The sewage and the glass—that had been a stroke worthy of Daren. The fire had been the barricade’s intended defense, but the sewage and glass were meant to finish what came after. Already her healers were bringing her dire reports. Scratches and burns that might normally be treated were expected to fester. Swamp fauns frenzied with battle had rushed unfeeling through pools of ground glass and filth. Others had slipped in their retreat from the cats through the flooded plaza and fallen in the muck with scratches and bite wounds. The healers were asking her whether they should remove limbs in order to save lives for the long-term or whether they should leave the limbs intact in order to save fighters for the short-term.
He has, in effect, poisoned us. All he needs to do is hide and wait for us to sicken.
The horrible burns were something else. The sight of shelts, moaning and screaming on the floors of the designated hospital building had caused such a blow to morale that she had ordered that the dying be sped quietly on their way.
Sharon-zool paced her chamber. Who am I fighting? There’s got to be a cliff faun left in there somewhere. I refuse to believe that cats would defend Danda-lay of their own accord.
Whoever was orchestrating them, the cats certainly had saved the palace. She had been ready to enter it herself when the fighting started. Sharon-zool felt the cold breath of disaster but-too-nearly averted. A city at night was just the sort of place in which cats loved to fight, with potential ambush points on every corner. They had chased her soldiers all the way out of the palace and into Danda-lay, where, for a short time, it was feared they would retake the city. However, as her archers found their way to rooftops, and with the coming of daylight, the advantage began to shift in favor of those with arrows and spears. The cats retreated back into the palace, and the exhausted swamp fauns assessed their losses.

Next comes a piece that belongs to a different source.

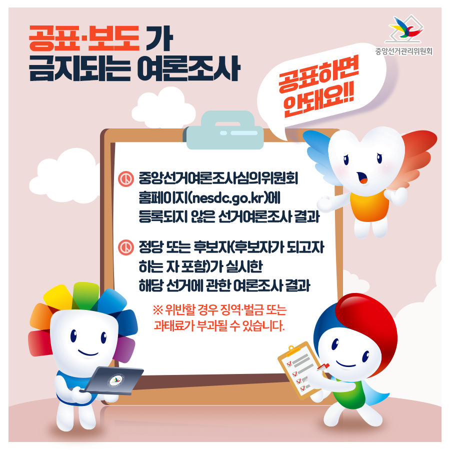 1. 중앙선거여론조사심의위원회 홈페이지(nesdc.go.kr)에 등록되지 않은 선거여론조사 결과

I’ll never take the palace by storm, Sharon realized. Not when it’s infested with cats and my soldiers grow weaker by the day. I need fresh troops from Port Ory. Somehow I must force my way far enough inside the palace to shut off the water. In order to do that I must find a weakness in my enemy.
She could think of one. It might not move Shadock, but then she was clearly not fighting Shadock. Sharon-zool made up her mind. She thought for a moment more and decided on a messenger. So they have cats. Well, we have something large and dangerous, too. Aloud, she said to her aid, “Go and get Danthra Michweer.” He and his lizard riders have had more than enough leisure to pillage corpses. Time they put in another day’s work.